H&E-stained lung tumor slides were converted into whole-slide images (WSIs) (8). These WSIs contain valuable information regarding the tumor microenvironment (9). Consequently, Artificial intelligence (AI)-driven pathomics (10) analysis has shown potential across multiple tasks, including the quantification of the tumor immune microenvironment (TIME) (11), comprehensive image-based omics profiling, identification of prognostically relevant morphological features, and linkage of morphology with treatment response (12).

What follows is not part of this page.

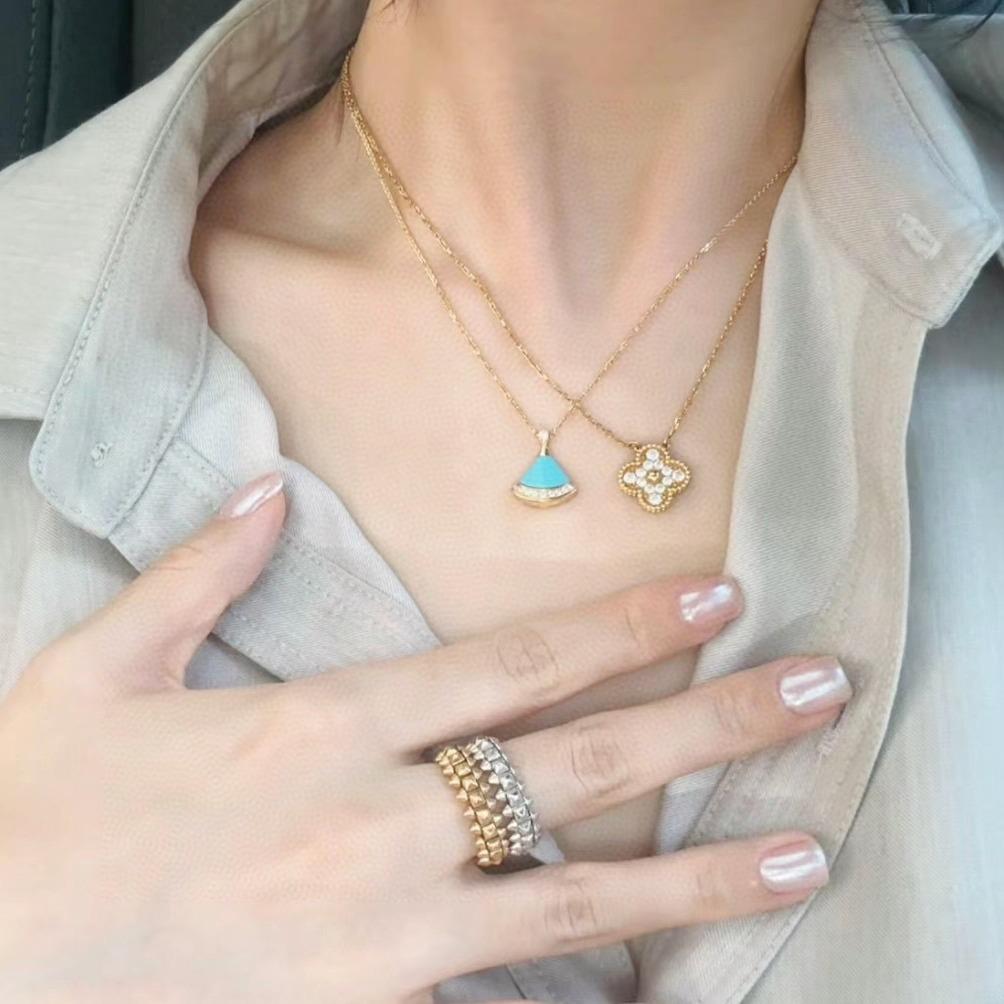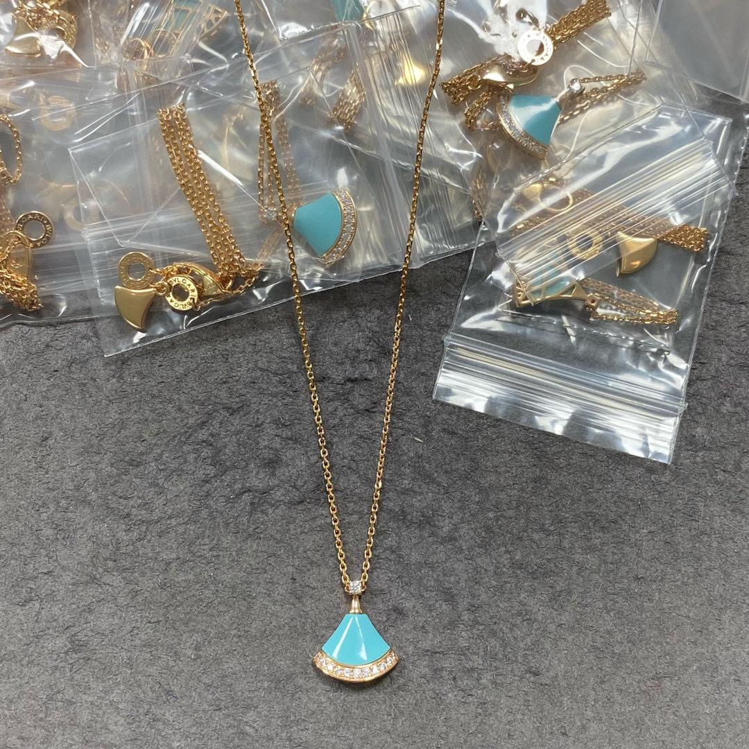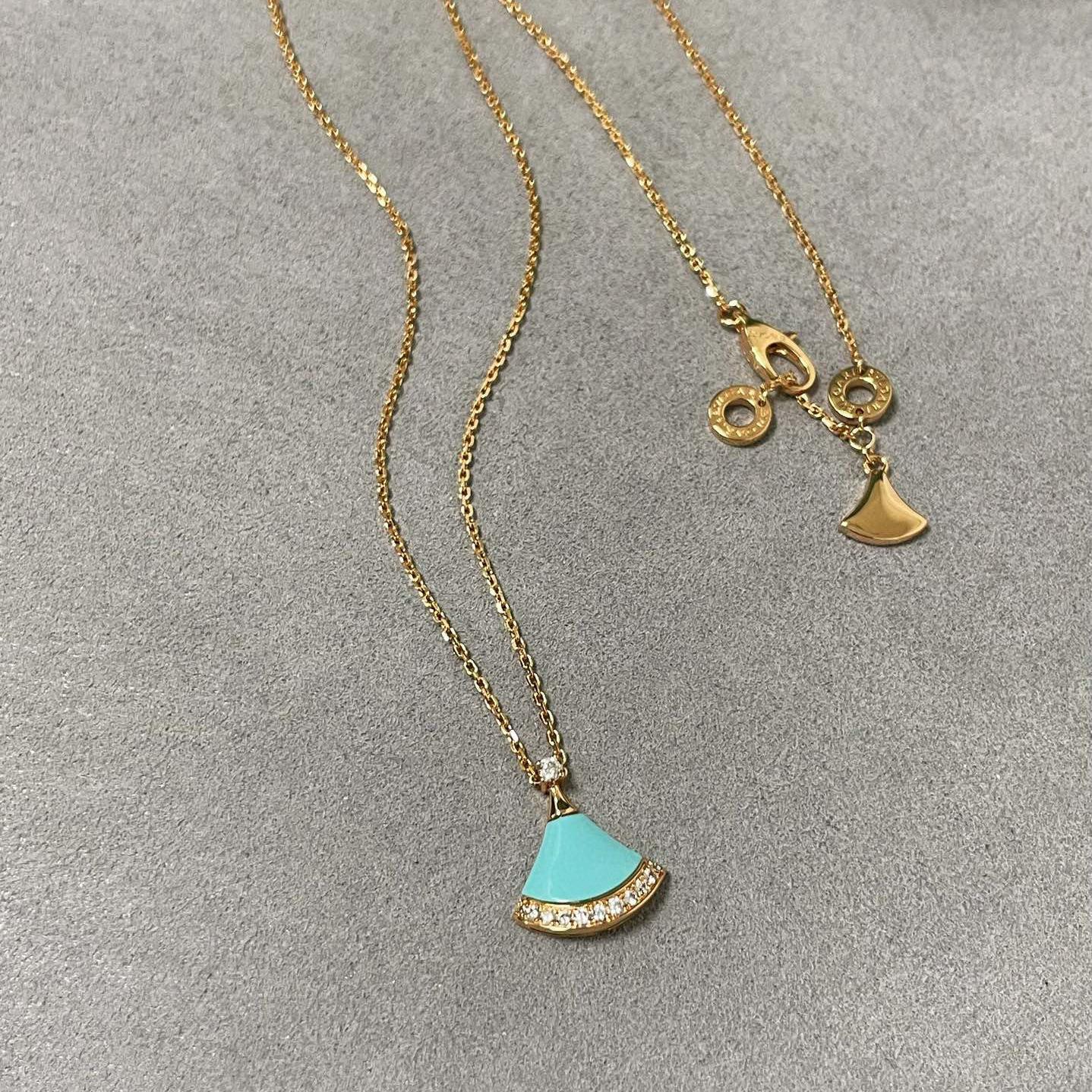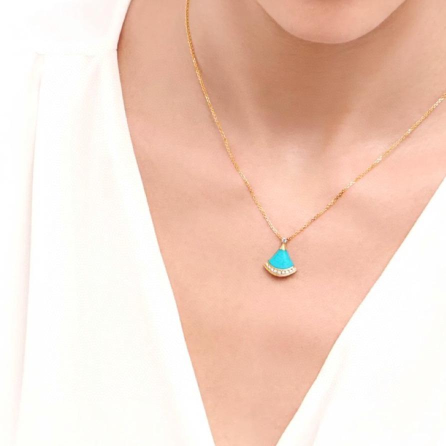 Collar Baojia Falda Pequeña en Forma de Abanico para Mujer Diamante de Alta Gama Turquesa Oro Rosa de Alta Gama Lujo Ligero Combinable Cadena Clavícula

In this research endeavor, we developed and validated a multimodal framework that integrates pathological WSIs with baseline clinical data to predict the likelihood of CIP after ICIs therapy in locally advanced or metastatic NSCLC. Single-modality models were used as comparators. Through this design, multiscale insights into tumor heterogeneity and post-treatment adverse events were provided.

Materials and methods

Study design and setting

The data were collected from three medical centers, and approval was obtained from each institutional review board (2021ky211-1, KY 2024-093-01, and 2025LSYYXLL-P15). The participating centers included Northern Jiangsu People’s Hospital Affiliated to Yangzhou University (Center A), The Affiliated Taizhou People’s Hospital of Nanjing Medical University (Center B), and The Fourth People’s Hospital of Lianyungang (Center C). Patients with NSCLC who were administered Programmed death 1/ligand-1 (PD-1/L1) immune checkpoint inhibitors from January 2022 to January 2025 were included in this retrospective analysis. Cytotoxic T-lymphocyte-associated protein 4 (CTLA-4) inhibitors were not incorporated because no domestic approval was available at the time the project was initiated. Consequently, our analysis focused exclusively on PD-1/PD-L1 inhibitors. Eligible patients were treated with PD-1/PD-L1 inhibitors, including Pembrolizumab, Nivolumab, Tislelizumab, Sintilimab, and Durvalumab. Combination therapy included platinum-based chemotherapy plus pemetrexed (adenocarcinoma) or platinum-based chemotherapy plus paclitaxel (squamous NSCLC). The treatment plan followed the standard clinical protocols. Clinical data were extracted from the hospital information system (HIS), including age, gender, body mass index (BMI), smoking status, Eastern Cooperative Oncology Group (ECOG) performance status, lung cancer stage, pathological subtype, treatment regimen, driver oncogene alterations, PD-L1 expression, and laboratory test results. The full names of the selected laboratory variables are provided in the List of Glossary. For clinical variables with incomplete availability across centers (PD-L1 TPS), missing or “not detected” entries were encoded as an explicit standalone category rather than being imputed so that the model could handle real-world testing patterns without introducing imputation bias.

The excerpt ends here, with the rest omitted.